Among the entries below, only the lines from the one with "Elegance and Luxury" through the one with "Nach 20 Minuten" are to be retyped, exactly and without pictures.

### SUPPLIED RECORDS
Start of Block
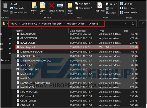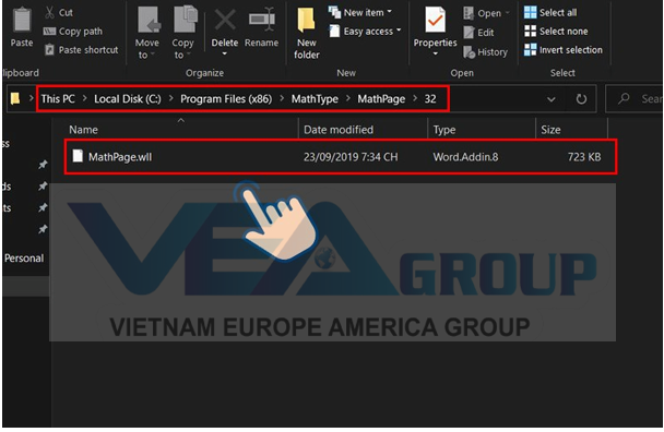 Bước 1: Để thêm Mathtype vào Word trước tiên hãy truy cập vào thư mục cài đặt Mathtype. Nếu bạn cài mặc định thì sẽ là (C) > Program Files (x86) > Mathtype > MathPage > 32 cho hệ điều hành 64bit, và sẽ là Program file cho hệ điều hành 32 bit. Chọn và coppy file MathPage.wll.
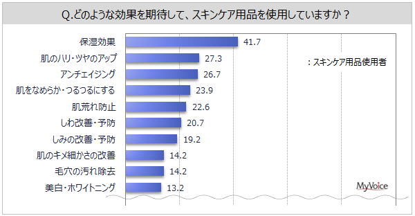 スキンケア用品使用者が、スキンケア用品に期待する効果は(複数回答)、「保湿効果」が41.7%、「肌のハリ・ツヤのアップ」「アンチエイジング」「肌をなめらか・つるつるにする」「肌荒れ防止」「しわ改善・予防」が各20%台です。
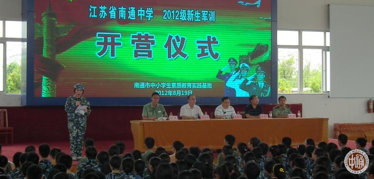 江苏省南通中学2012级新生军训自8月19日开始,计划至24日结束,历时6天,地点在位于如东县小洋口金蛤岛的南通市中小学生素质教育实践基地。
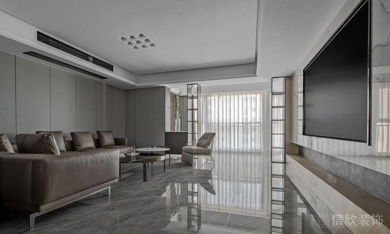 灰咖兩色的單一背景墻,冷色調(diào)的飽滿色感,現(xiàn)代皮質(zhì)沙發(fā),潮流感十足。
End of Block
Start of Block
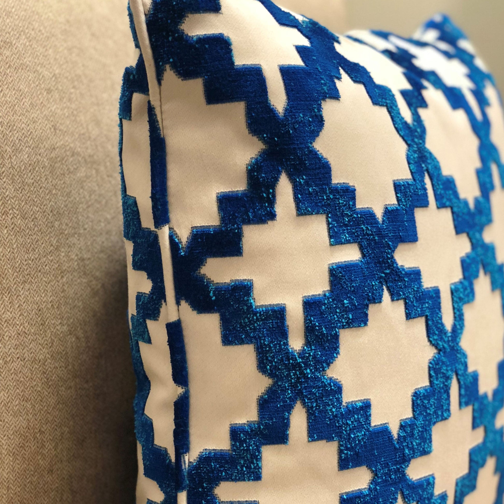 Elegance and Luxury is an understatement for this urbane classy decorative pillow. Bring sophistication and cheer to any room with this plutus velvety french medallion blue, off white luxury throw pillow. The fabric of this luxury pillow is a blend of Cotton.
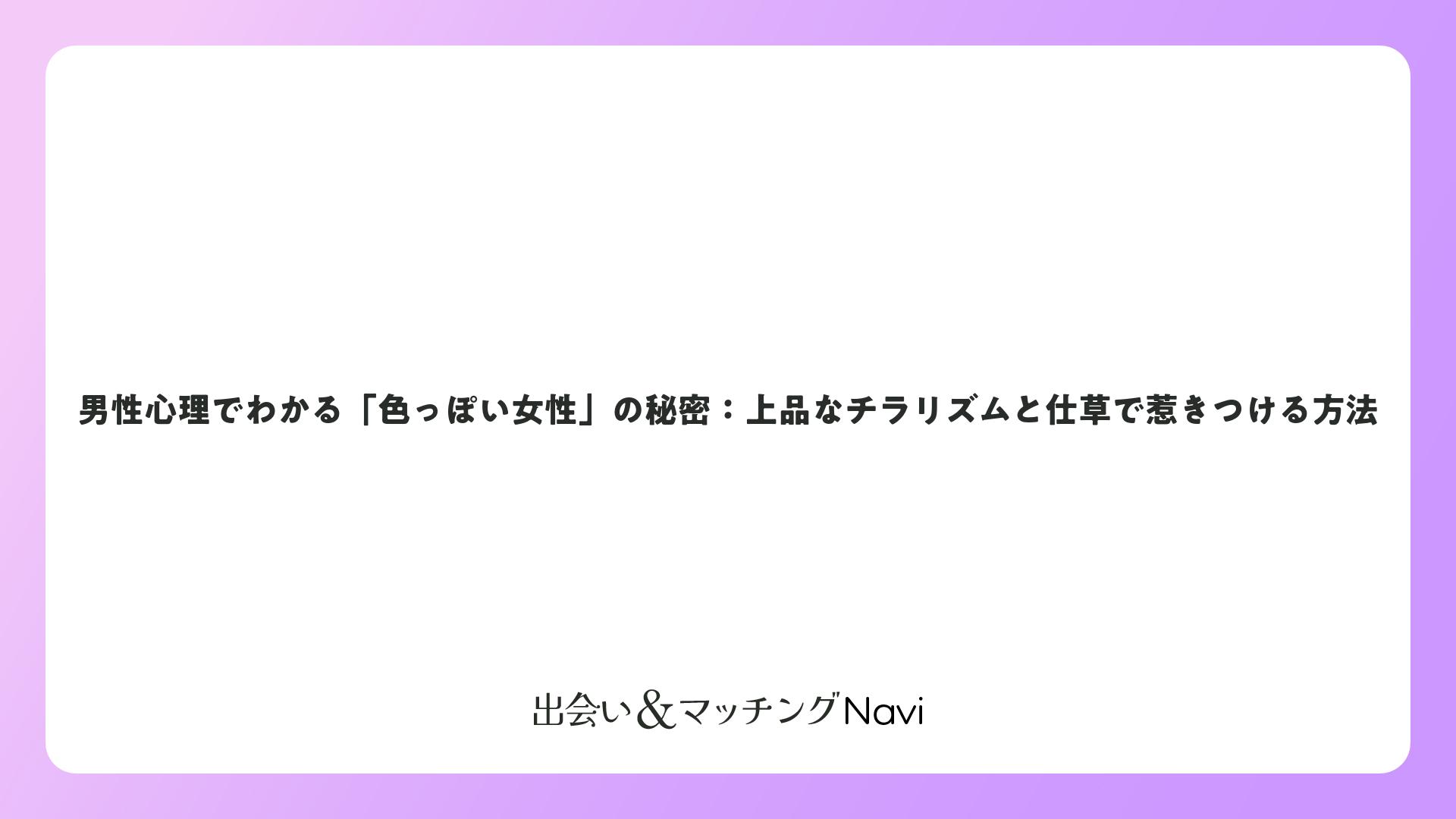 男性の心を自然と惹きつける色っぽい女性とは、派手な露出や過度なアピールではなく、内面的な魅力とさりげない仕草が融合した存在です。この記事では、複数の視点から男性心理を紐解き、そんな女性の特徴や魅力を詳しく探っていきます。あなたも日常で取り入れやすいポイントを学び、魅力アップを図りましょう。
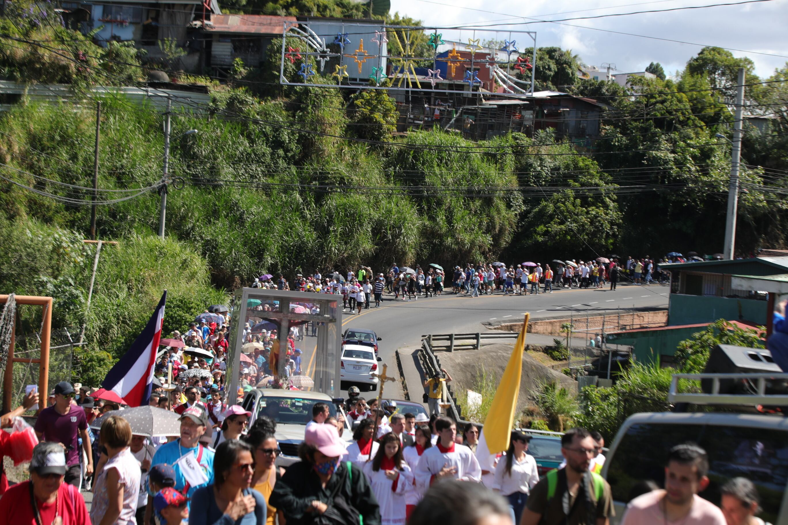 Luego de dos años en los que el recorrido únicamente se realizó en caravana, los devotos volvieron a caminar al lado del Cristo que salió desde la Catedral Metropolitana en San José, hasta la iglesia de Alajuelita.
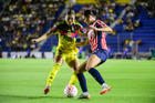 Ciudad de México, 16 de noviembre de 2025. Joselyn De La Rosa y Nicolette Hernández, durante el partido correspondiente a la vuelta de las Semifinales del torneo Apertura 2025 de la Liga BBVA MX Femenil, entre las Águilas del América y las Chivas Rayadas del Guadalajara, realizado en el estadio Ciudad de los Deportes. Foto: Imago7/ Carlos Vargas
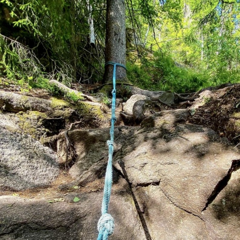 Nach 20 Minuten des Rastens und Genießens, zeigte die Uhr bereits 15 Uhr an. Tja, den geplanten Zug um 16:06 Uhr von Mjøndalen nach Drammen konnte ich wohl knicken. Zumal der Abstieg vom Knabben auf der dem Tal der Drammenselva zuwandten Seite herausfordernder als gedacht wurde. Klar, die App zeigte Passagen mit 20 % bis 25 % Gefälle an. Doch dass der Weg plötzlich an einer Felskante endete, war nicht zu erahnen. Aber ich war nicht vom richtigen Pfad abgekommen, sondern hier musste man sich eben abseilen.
End of Block
Start of Block
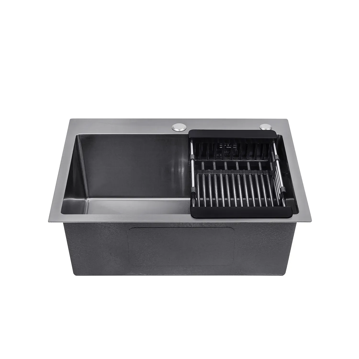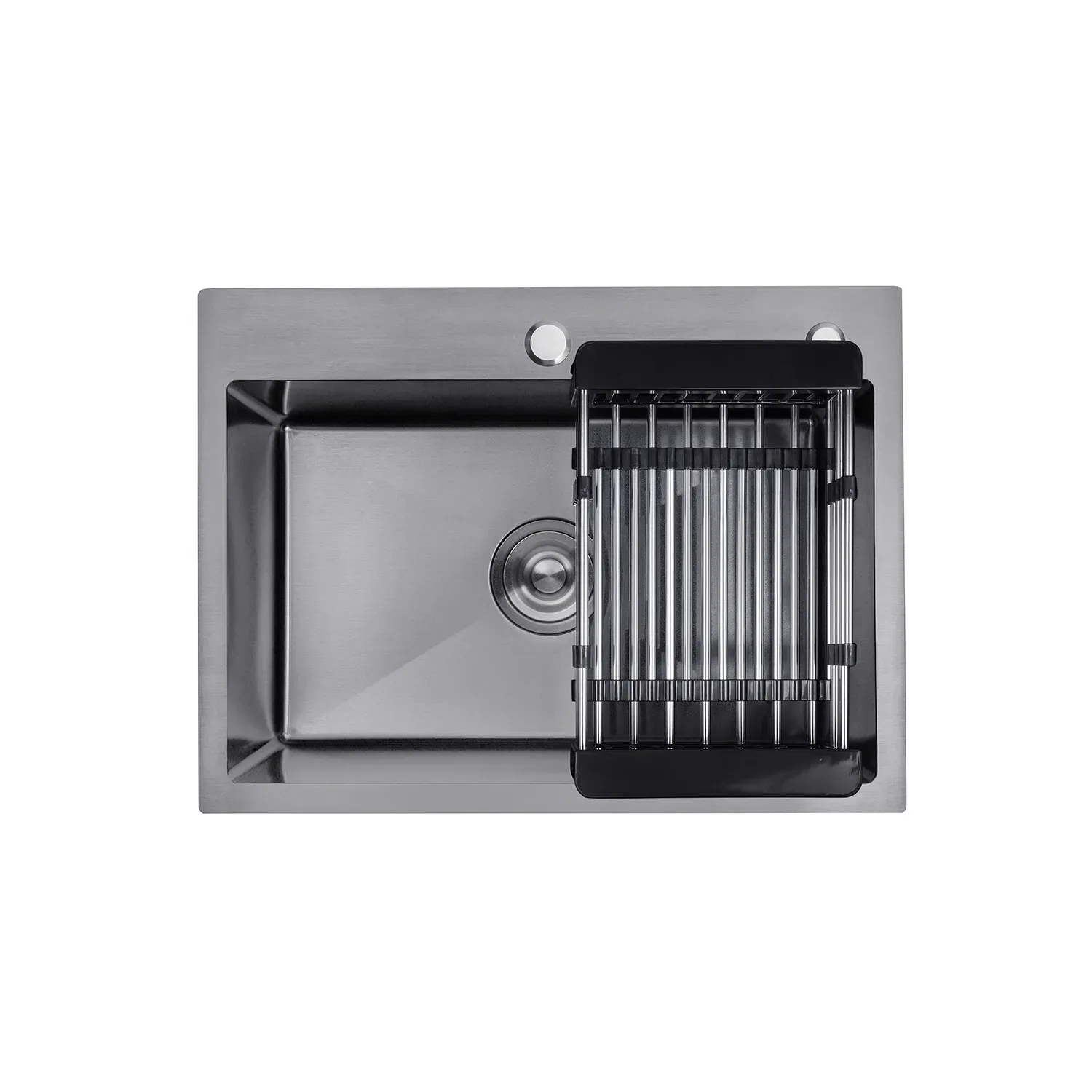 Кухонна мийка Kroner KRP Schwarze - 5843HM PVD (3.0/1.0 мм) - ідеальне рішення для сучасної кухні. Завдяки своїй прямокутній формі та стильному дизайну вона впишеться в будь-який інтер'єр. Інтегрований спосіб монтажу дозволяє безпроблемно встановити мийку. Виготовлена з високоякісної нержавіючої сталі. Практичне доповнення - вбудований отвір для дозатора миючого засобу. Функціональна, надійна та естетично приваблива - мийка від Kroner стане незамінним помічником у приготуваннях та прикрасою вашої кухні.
End of Block
### ANSWER TO THIS TASK
 Elegance and Luxury is an understatement for this urbane classy decorative pillow. Bring sophistication and cheer to any room with this plutus velvety french medallion blue, off white luxury throw pillow. The fabric of this luxury pillow is a blend of Cotton.
 男性の心を自然と惹きつける色っぽい女性とは、派手な露出や過度なアピールではなく、内面的な魅力とさりげない仕草が融合した存在です。この記事では、複数の視点から男性心理を紐解き、そんな女性の特徴や魅力を詳しく探っていきます。あなたも日常で取り入れやすいポイントを学び、魅力アップを図りましょう。
 Luego de dos años en los que el recorrido únicamente se realizó en caravana, los devotos volvieron a caminar al lado del Cristo que salió desde la Catedral Metropolitana en San José, hasta la iglesia de Alajuelita.
 Ciudad de México, 16 de noviembre de 2025. Joselyn De La Rosa y Nicolette Hernández, durante el partido correspondiente a la vuelta de las Semifinales del torneo Apertura 2025 de la Liga BBVA MX Femenil, entre las Águilas del América y las Chivas Rayadas del Guadalajara, realizado en el estadio Ciudad de los Deportes. Foto: Imago7/ Carlos Vargas
 Nach 20 Minuten des Rastens und Genießens, zeigte die Uhr bereits 15 Uhr an. Tja, den geplanten Zug um 16:06 Uhr von Mjøndalen nach Drammen konnte ich wohl knicken. Zumal der Abstieg vom Knabben auf der dem Tal der Drammenselva zuwandten Seite herausfordernder als gedacht wurde. Klar, die App zeigte Passagen mit 20 % bis 25 % Gefälle an. Doch dass der Weg plötzlich an einer Felskante endete, war nicht zu erahnen. Aber ich war nicht vom richtigen Pfad abgekommen, sondern hier musste man sich eben abseilen.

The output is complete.